Another thought I just had re: delayed safety checks. If we implemented really good error messages for converting back to universalmotif format, these issues may resolve themselves. For instance, giving a preview of the invalid values, and suggest what data type they need to be and what slot they're trying to get assigned to. This could also help with the "most folks won't read the docs" thing.

from universalmotif.

snystrom commented on July 17, 2024

This looks great so far. The one downside is the "AsIs" thing with df$motif not working. Wonder if there's a way to improve that.

As far as extrainfo goes, perhaps there should be an optional argument to to_list() and update_motifs(), like keep_extra or something, set to FALSE by default. This way there's a simple way to keep the data, or purge it if the new columns are just temporary.

Found a teeny bug in to_list(), PR incoming.

from universalmotif.

snystrom commented on July 17, 2024

Related to AsIs, thinking more about this, throwing an error is a good way to ensure users call update_motifs() before using them, ensuring the motif is not out of date. Having an extra method on AsIs to update wouldn't work without some environment magic to grab the original df, so that's probably the best it can be if this is the solution.

Something to consider though, is that this data.frame structure would open up new ways of storing relationships between more than one motif. For example, if discovering a set of de-novo motifs, then comparing to a motif database, you could imagine storing another universalmotif column with the match (not saying this needs to get added to the package, just that users could do this on their own). In this case, you could imagine pivoting the df to get columns of each de-novo + match pair, or some other manipulation. In these instances, having the ability to directly call columns storing universalmotif objects would be rather powerful, enabling complex analysis of motif sets.

I admit I have skin in the game on this one, since I use this approach in a package I wrote, but if you think this is beyond what you want, I think that's totally reasonable. At some point, those unusual structures will no longer fit perfectly into this framework, but perhaps anchoring on a column named motif is sufficient to avoid most of those problems.

from universalmotif.

bjmt commented on July 17, 2024

Thanks for the PR. I've added a method in convert_motifs() which throws a more informative error message when trying to use the column directly (pretty sure just about every function in the package calls convert_motifs() first thing).

Thanks also for the extrainfo idea. I'll think a bit more about it.
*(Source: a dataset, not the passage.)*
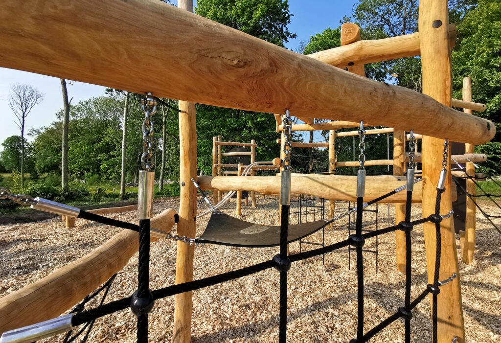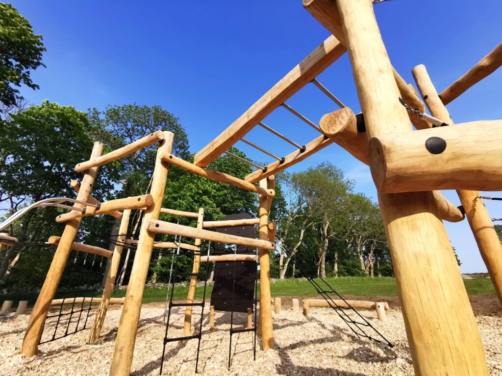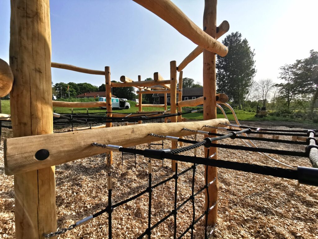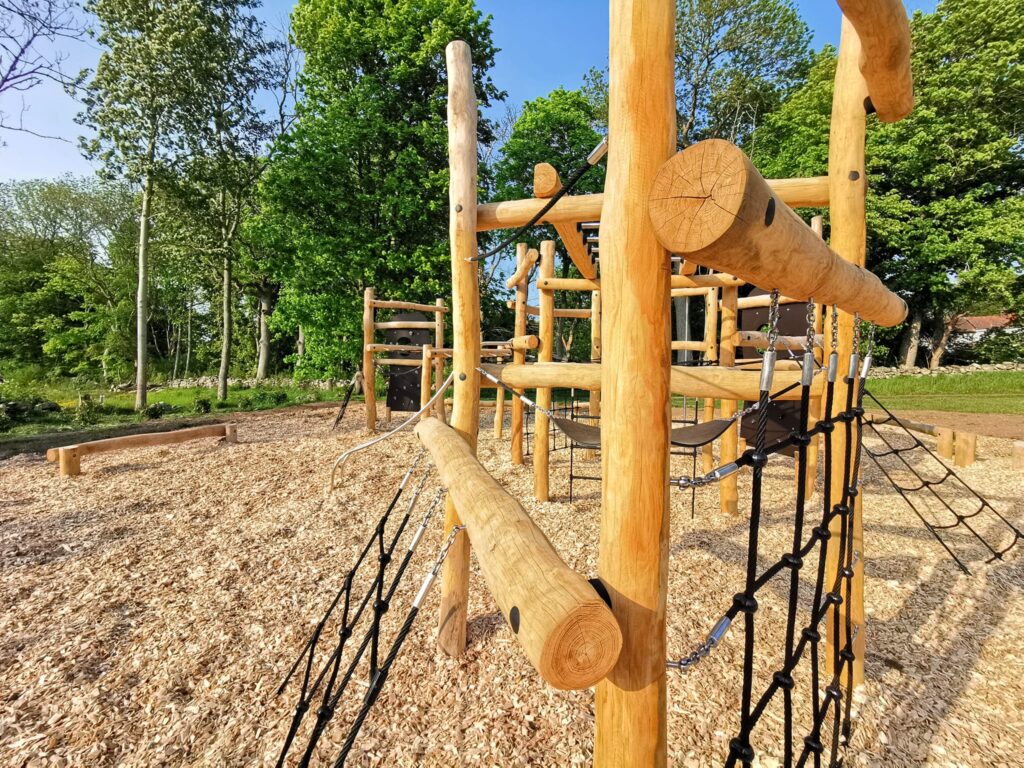 Nedan bilder från tidigare utförda installation hos Vallda pastorat – en hinderbana i robiniaträ på träflisunderlag.

I'll admit I'm curious about your idea for more complex inter-motif interactions, but I'm not sure I fully understand it. Do you mind typing out some pseudocode of what you think it could work like so I can get a better idea? I certainly have always wanted to improve the compare_motifs() --> merge_motifs() process for example, and maybe what your suggesting could help with that.

from universalmotif.

snystrom commented on July 17, 2024

Sorry for the late reply, got busy.

To explain a bit more about the scenario above, it is maybe more convoluted than it should be, but was the first example I thought of. But the idea is generally to be able to use the motif column in downstream operations on the universalmotif_df. Consequently, when I tried this using the current implementation, it worked great. So maybe the "AsIs" thing is less of an issue than I thought. That being said, the idea was say I have a set of motifs:

library(magrittr)
library(universalmotif)
myMotifs <- c(universalmotif::create_motif("CCRAAAW", name = "motif_1"),
              universalmotif::create_motif("TTAATT", name = "motif_2"))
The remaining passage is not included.